Lehrer’s job as a portrait artist got disrupted by the pandemic, like so many others. “The virus has stolen your face from me,” she writes. “All I can do now is reconstruct the mysteries of who you are under the mask.” On Zoom calls, she tries to recognize the symbols and stories written in a face that are the fragments of the complexity of a human life. She finds solace in the fact that we are all portrait artists now, trying to “reassemble one another from fragments, from pictures on our screens and glimpses under the mask.”
Facial recognition, deep fakes, and the heart
Faces are tokens of our identity. Being seen is empowering; it is humanizing. Recognizing our faces at face value, on the other hand, is an act of power and potentially dehumanizing.

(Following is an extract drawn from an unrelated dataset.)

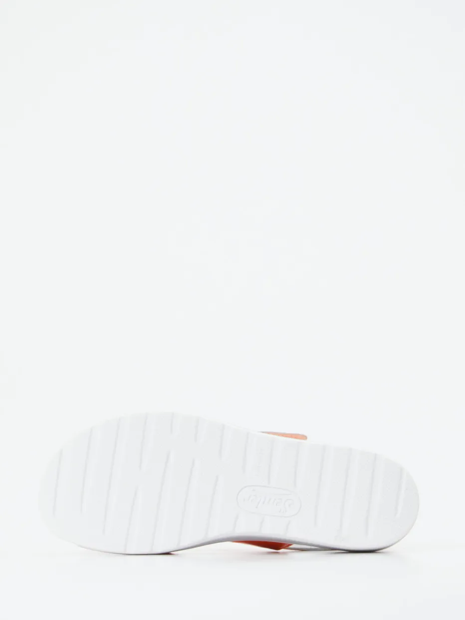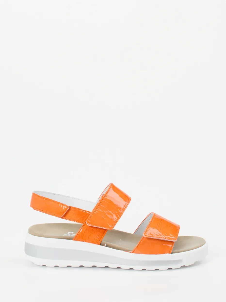 Die offene, ergonomische Form mit gepolstertem Fußbett bietet Komfort bei jedem Schritt. Gefertigt aus glänzendem Lackleder, ergänzt durch weiches Lederfutter, überzeugt sie durch ihr kraftvolles Orange im Color-Blocking-Stil. Breite, tonige Klettverschlüsse sorgen für optimale Anpassung, die leichte PU-Sohle mit 2,5 cm Laufhöhe dämpft angenehm. Die Sandale greift den „Functional Footwear“-Trend auf und lässt sich besonders gut mit luftiger Leinenmode kombinieren.

This is why facial recognition technology is so delicate. It’s been programmed with embedded bias and used to identify and classify millions of people without their consent. And it remains a highly controversial issue outside and inside the tech industry, as the recent debate over Google’s pushing out one of its leading AI ethicists, Timnit Gebru, shows.
How we see things is shaped by our beliefs, but seeing is no longer believing, as the rise of deep fake videos, made possible by machine learning, has shown us. Replacing an image or video with someone else’s likeness, deep fakes have gotten so proficient that it is increasingly hard to tell the difference between the manipulated content and the original source. Microsoft and other firms have developed AI that can detect deep fakes, but the use of these tools is not yet widespread, and technical challenges remain. And AI may be the wrong confidante anyway for telling us what’s true and what’s not.
I can’t help but think of Antoine de Saint-Exupery’s Little Prince and its most famous line: “It is only with the heart that one can see rightly; what is essential is invisible to the eye.” It is a line that has been quoted all too often, found its way onto millions of postcards and other trivia, and has been effectively rendered a cliché. But, like so many other seemingly trivial things, this year has reminded us of how true it is.
When it comes to recognition, we humans must continue to work on the one superpower that distinguishes us from machines: to see what only we can see.